Literature and examination

Literature

In the lecture plan (see VT 2016 ir16, Schedule and course plan in the menu to the left), we have stated the chapters and articles that should be read before each lecture.

Text Book

C. D. Manning, P. Raghavan and H. Schütze, Introduction to Information Retrieval, Cambridge University Press, 2008.

The book can be bought at Kårbokhandeln or ordered from your favorite internet bookstore, and found using ISBN-10 0521865719 / ISBN-13 9780521865715. Virtually all material from the book, including material from the Stanford and Coursera courses by Manning, is also available online at nlp.stanford.edu/IR-book/information-retrieval-book.html.

Articles

K. Avrachenkov, N. Litvak, D. Nemirovsky and N. Osipova, Monte Carlo methods in PageRank computation: When one iteration is sufficient, SIAM Journal on Numerical Analysis 45(2), 2007.
S. E. Robertson and K. Spärck Jones, Simple, Proven Approaches to Text Retrieval, 1994, www.cl.cam.ac.uk/techreports/UCAM-CL-TR-356.pdf.
M. Sahlgren, An Introduction to Random Indexing, 2005, www.sics.se/~mange/papers/RI_intro.pdf.

Other Resources

To get an idea of state-of-the-art in Information Retrieval research and development, take a look at the program of the annual conference ACM SIGIR.

Different benchmark datasets for evaluation of information retrieval systems can be found at:

Examination

Assignments

The examination in the course is performed through:

Three computer assignments (6 credits).

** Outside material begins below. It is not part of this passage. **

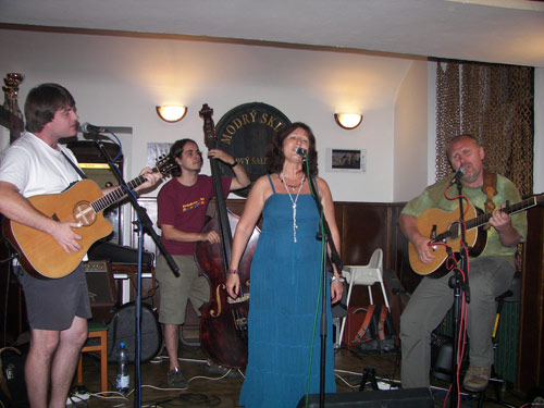 Sobotního „Kocoura“ zahájilo pražské Hořký kafe (hezké spojení koncovek, co?) s hostující Hanou Kopřivovou, tedy stejně jako loni. Svébytné a muzikantsky náramné projevy Petra Babce a Jana Rejhona řadím do šuplíku „velmi oblíbené“ a nemám důvod zařazení po jejich koncertu na náměstí měnit ani v nejmenším. Z příčin večerního stravování jsem budějovickou kapelu Alreens a jejich keltský repertoár jen slyšel. Tak, doufám, jindy. Cimbal classic jsem již delší dobu neviděl. Několik vteřin jsem přemýšlel, kdo je za cimbálem, ale zjistil jsem, že je to ostříhaný Dalibor Štrunc. Bohužel jsme slyšeli i smutnou zprávu, že již není mezi námi jejich kokršpaněl Balík, jemuž je věnována píseň Člověčina, která samozřejmě na jeho počest zazněla. Jinak zněly nové i ty starší a jako vždy mi běhal mráz po zádech při písni Vrávorám. Na budapešťskou kapelu Klezmer R´s jsem se docela těšil. V Budapešti žije dodnes, přes vyvraždění mnoha osob během vlády Šípových křížů, početná židovská komunita a tak jsem očekával ty pravé kořeny stylu klezmer. Koncert dobrou angličtinou komentovala klarinetistka Orzsi Szilágyi, ale vše znělo až příliš připraveně a vypočítavě na publikum, vnímající spíše povrch, než podstatu. Asi to nebyl v pravém smyslu klezmer, tak brilantně loni podaný Létajícím rabínem. Zněla i populární Kaťuša, nutící ke zpěvu všechny, kteří se ji učili čtyřicet let v rámci povinné ruštiny. Přiznám se otevřeně, že jsem koncert tak v polovině opustil. Navíc bych jako dramaturg dal Cimbal classic na konec a ne na začátek, protože není nic hezčího, než odcházet do letní noci s jeho hudbou. Dvojici z Bratislavy s názvem Longital, což je prešpurský název pro bratislavskou část Dlhé diely, jsem v Telči viděl několikrát, a tak jsem se jim v duchu omluvil a na koncert nešel.

The computer assignments are performed individually, and presented orally by the computer. Grade: A - F(fail).
A project assignment (3 credits). The projects are performed in groups of 4-5 students, and presented with a short written report, as well as an oral poster presentation. Grade (normally the same for all group members): A - F(fail).

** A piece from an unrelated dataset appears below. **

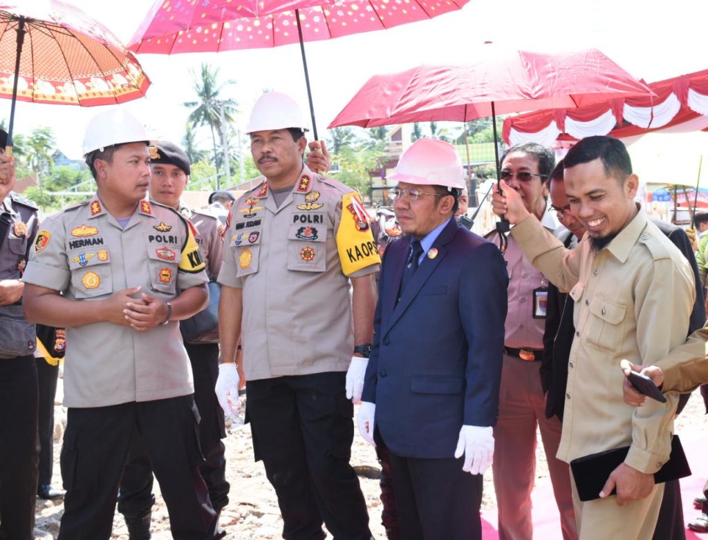 Bertempat di Markas Komando Kepolisian Resort (Polres) Lombok Utara Bupati Dr. H. Najmul Akhyar, SH. MH., bersama Kapolda NTB Irjen Nana Sudjana, MM., dan Kapolres Lombok Utara AKBP Herman Suriyono, S.IK, MH., secara simbolis melakukan peletakan batu pertama pembangunan kantor Makopolres Lotara itu (15/7/2019).

Details about the assignments themselves can be found under Computer Assignments and Project in the menu.

Grading

The course grade is the weighted average of the computer assignment grade and the project grade, according to the following:

Computer Assignment \ Project	A	B	C	D	E
A	A	A	B	B	B
B	B	B	B	C	C
C	B	C	C	C	D
D	C	C	D	D	D
E	D	D	D	E	E

How much of the "Monte Carlo methods in PageRank computation: When one iteration is sufficient" paper should we understand? I have not had much of any statistics training, but I can understand that we want to iterate until we are under some error threshold, but of course we need to make sure we are confident that we are under this error threshold, so we consider the confidence interval in our "error being acceptable" conclusion.

The main point is directly in the title, where you can get acceptable results without iterating in a computationally expensive way relative to a single iteration. Are we supposed to conclude that computing in one iteration is acceptable but also computationally much more tractable and then use the paper to implement our own Monte Carlo methods?

Cheers,

Nick

You should understand the nature of the approximation and be able to explain the monte carlo principle. You should also understand the differences between the five methods and be able to readon a bit on what differences in behavior you would expect in the convergence.